One recent study showed that preschoolers can learn from abstract metaphors (Zhu & Gopnik, 2023). In this experimental paradigm, preschoolers heard information about novel toys conveyed through metaphors that described the objects’ functional capacities. For example, “Daxes are suns” conveys that the novel toys, daxes, have the capacity to light up. Preschoolers successfully formed metaphor-consistent inferences about the functions of the novel toys from these functional metaphors. These findings suggest that children understand abstract metaphors about artifact functions, since they are able to learn from them. While these findings provide promising initial evidence of preschoolers’ metaphor comprehension, additional converging evidence is required to demonstrate that preschoolers indeed possess a robust understanding of metaphors, which can be further leveraged to support a complex suite of cognitive processes.
The present research aims to do exactly this. Given the recent findings suggesting that young children’s aptitude for relational reasoning and metaphor comprehension may be stronger than previously believed, and given the recent finding that children can learn about artifact functions from metaphors, the present study further investigates whether young children might be able to understand abstract metaphors at an earlier developmental timepoint than researchers initially estimated. Here, we will use the term functional metaphor to refer to metaphors that draw equivalences based on abstract, relational, or structural commonalities (including but not limited to the designed functions of artifacts). The conceptual foils to functional metaphors are perceptual metaphors, which draw equivalences based on surface-level, featural, or semantic-associative commonalities. In the present experiments, however, we pit functional metaphors against nonsense statements to directly probe children’s appreciation (or lack thereof) of metaphor meanings based on abstract similarities.
In this present research, we conducted multiple exploratory experiments demonstrating preschoolers’ competence with functional metaphors.

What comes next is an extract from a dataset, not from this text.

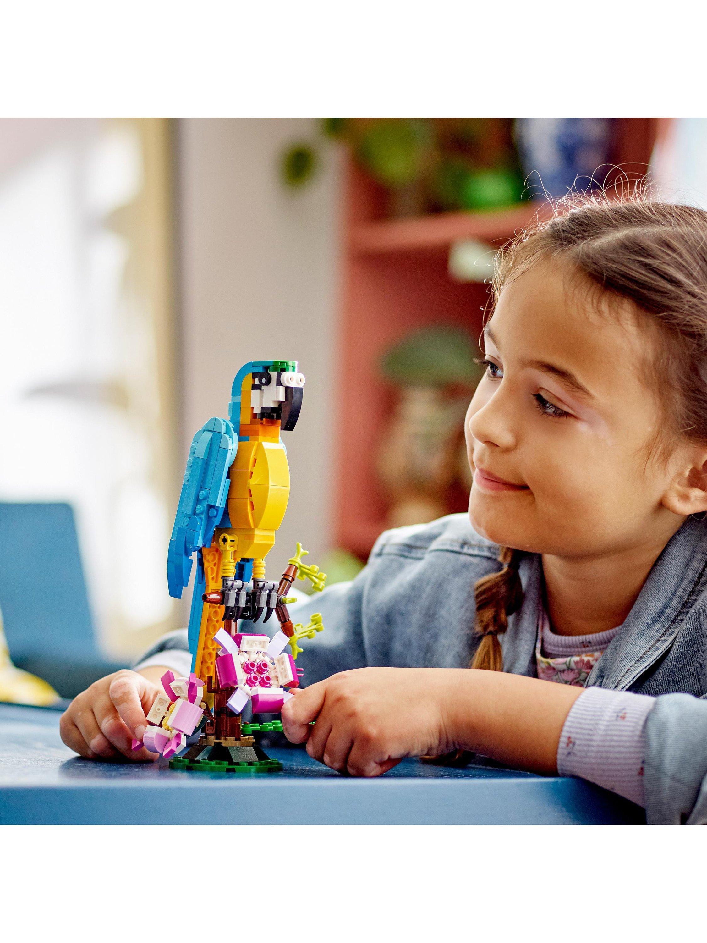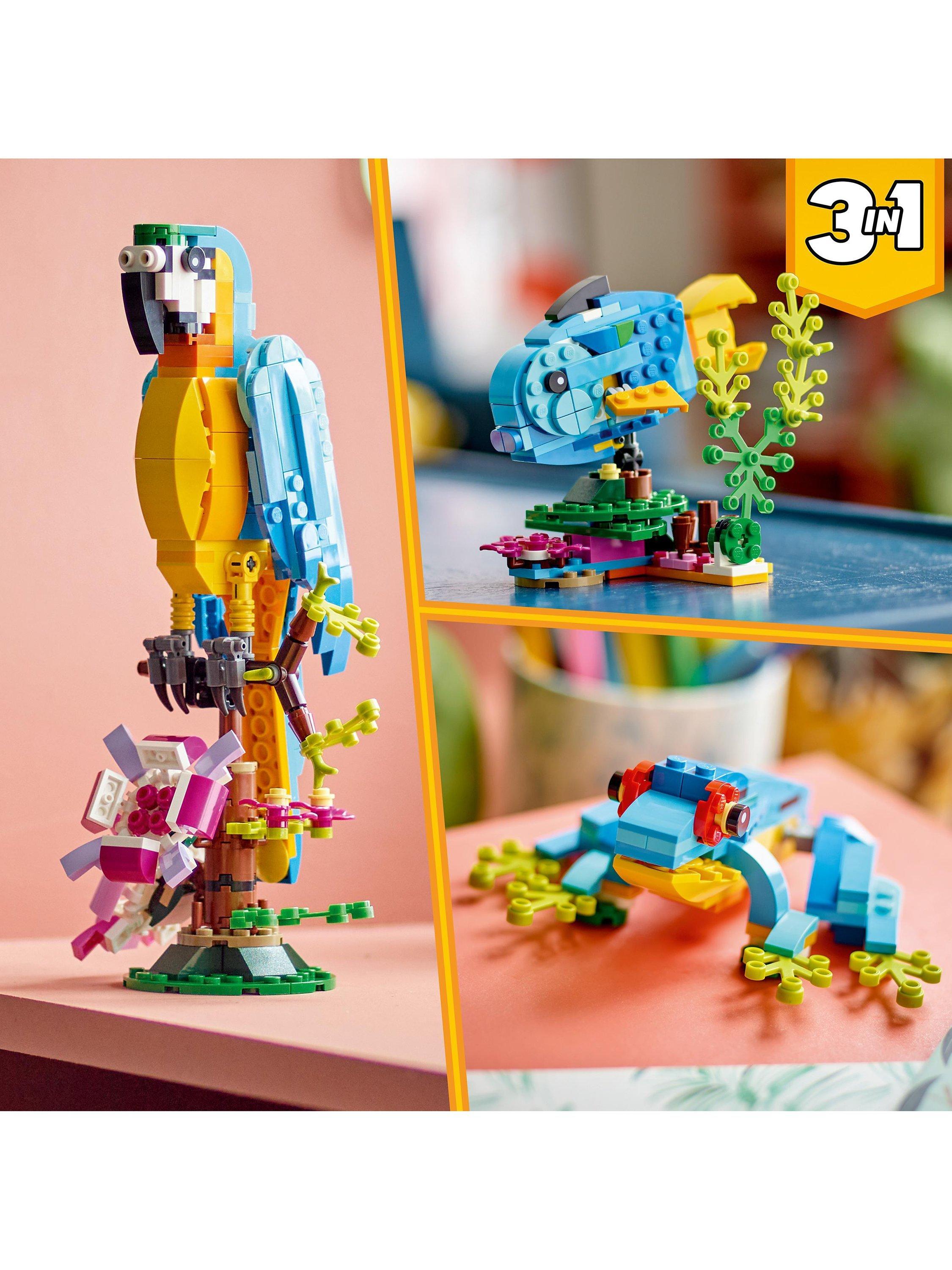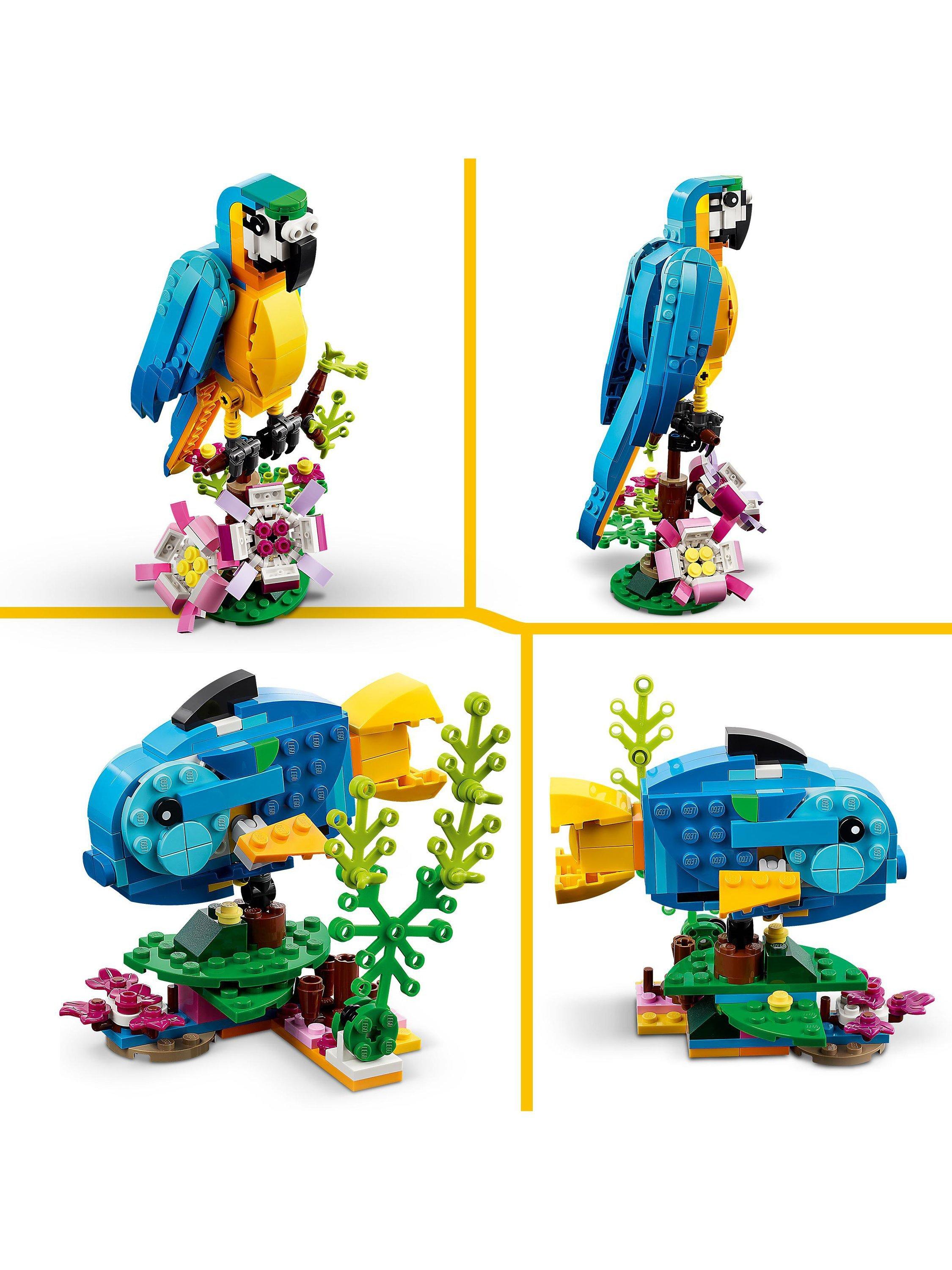 Venture into the rainforest for fun adventures with 3 exotic animals! You can build a beautiful parrot sitting on a tree branch surrounded by colourful flowers. Later, rebuild it into a blue and yellow fish, swimming in the sea, or a cool frog that can move its legs.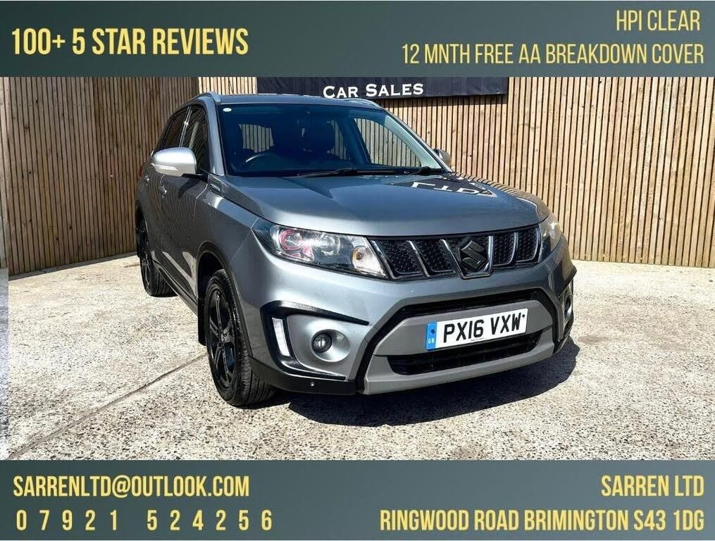 **CONTACT US ON 07921524256 or EMAIL US AT SARRENLTD@OUTLOOK.COM*** ABSOLUTELY BEAUTIFUL Suzuki Vitara 1.4 Boosterjet S ALLGRIP Euro 6 (s/s) 5dr 4WD finished in eye catching metallic grey with excellent black part leather interior. MOT due 13/08/2026 and will come with a fresh MOT. Excellent service history (9) and last serviced at 80069 miles. All New brake discs and pads. Excellent specification including;*Rear Parking Camera*Front and Rear Parking Distance Sensors*Navigation System17in Alloy Wheels*Steering Wheel Mounted Audio Controls*ABS with EBD and Brake Assist Function*DAB Digital Radio*Daytime Running Lights - LED*Bluetooth Integrated into Audio Unit*Automatic Air Conditioning*Hill Hold Control*Keyless Entry and Start*ISOFIX Child Seat Anchorages x 2*Adaptive Cruise Control and many many more!Absolutely gorgeous condition throughout. Extended warranty available. Here at Sarren we do not charge an admin fee for our services.We are a family run dealership, please see our website for more vehicles. To ensure availability of stock we recommend making an appointment to avoid any disappointment. We are highly rated by Autotrader and an approved AA car dealer. All of our vehicles come with 12 months AA BREAKDOWN COVER, part exchange, warranty and delivery available . Fully retail and HPI checked for your peace of mind. We are a family run business, with 20+ years in the motor trade industry and pride ourselves on our award winning aftercare service, warm welcome and pressure free environment. We are based at Sarren Ltd Ring Wood Road, Brimington, Chesterfield S43 1DG in the heart of England between junction 29a and 30 of the M1 in Derbyshire. Viewing welcome. We are open Monday through Saturday and unsociable hours at your convenience.-NAV/R CAMERA/F&R SENSORS/4WD-APPOINTMENTS AT YOUR CONVENIENCE

Like the earlier experiments that found evidence for early comprehension of perceptual metaphors, the current experiments use a forced-choice technique to minimize cognitive demands. In particular, following recent approaches, Experiments 1 and 3 test children’s ability to discriminate between functional metaphors and nonsense statements. We also ask children to provide explicit justifications for their judgments, potentially providing even more convincing evidence that they interpret functional metaphors correctly. Moreover, we compare their performance on metaphors versus similes. Given that causal frameworks – which require learners to relate an initial state to an end state via some causal process – can induce a relational mindset (Goddu et al., 2020; Walker et al., 2016; Walker & Gopnik, 2017), we also explored whether causal framing might facilitate preschoolers’ metaphor comprehension.

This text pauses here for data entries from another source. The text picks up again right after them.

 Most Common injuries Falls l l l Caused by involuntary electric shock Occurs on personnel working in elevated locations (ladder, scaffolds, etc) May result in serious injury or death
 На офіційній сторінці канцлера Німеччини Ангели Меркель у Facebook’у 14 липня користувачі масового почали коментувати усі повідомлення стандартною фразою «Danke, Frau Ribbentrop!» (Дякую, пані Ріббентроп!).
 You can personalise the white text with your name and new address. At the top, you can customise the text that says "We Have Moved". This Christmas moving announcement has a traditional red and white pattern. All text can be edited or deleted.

Experiment 1A showed that preschoolers rated functional metaphors (e.g., “roofs are hats”) as significantly “smarter” than nonsense statements (e.g., “boats are skirts”) in a metalinguistic judgment paradigm. Experiment 1B validated this novel paradigm with adults. Experiment 2 showed that preschoolers preferred functional explanations (e.g., “roofs and hats both keep you dry”) over perceptual explanations (e.g., “roofs and hats both have pointy tops”) when interpreting the functional metaphors used in Experiment 1A, thus demonstrating that preschoolers interpreted functional metaphors in an adult-like fashion. Finally, Experiment 3 showed that preschoolers preferred functional metaphors (e.g., “roofs are hats”) over nonsense statements (e.g., “roofs are scissors”) in a dichotomous-choice paradigm, providing the most robust evidence that children understand functional metaphors. Taken together, these results suggest that preschoolers understand complex metaphors based on abstract similarities, such as shared function.
EXPERIMENT 1A
In Experiment 1A, we use a novel metalinguistic judgment paradigm to explore preschoolers’ metaphor comprehension abilities. In particular, we asked children to judge whether functional metaphors and nonsense statements were “silly” or “smart”. Though researchers have previously suggested that preschoolers might struggle to form metalinguistic judgments about metaphors (Pouscoulous & Tomasello, 2020), our novel dichotomous-choice paradigm is relatively simple. If children succeed in this task, they demonstrate that they can both understand and evaluate functional metaphors. Functional metaphors clearly don’t make sense if they are taken literally (e.g., roofs are not comparable to hats). Thus, from a literal perspective, it is possible that children will judge functional metaphors in the same way as nonsense statements. On the other hand, if these utterances are treated as metaphors, functional metaphors might not only make sense but might also be illuminating. Discriminating between metaphors and nonsense statements at all, then, already suggests some understanding of metaphors. But judging that metaphors are smart and nonsense statements are silly would show that children understand metaphors in a more adult-like way.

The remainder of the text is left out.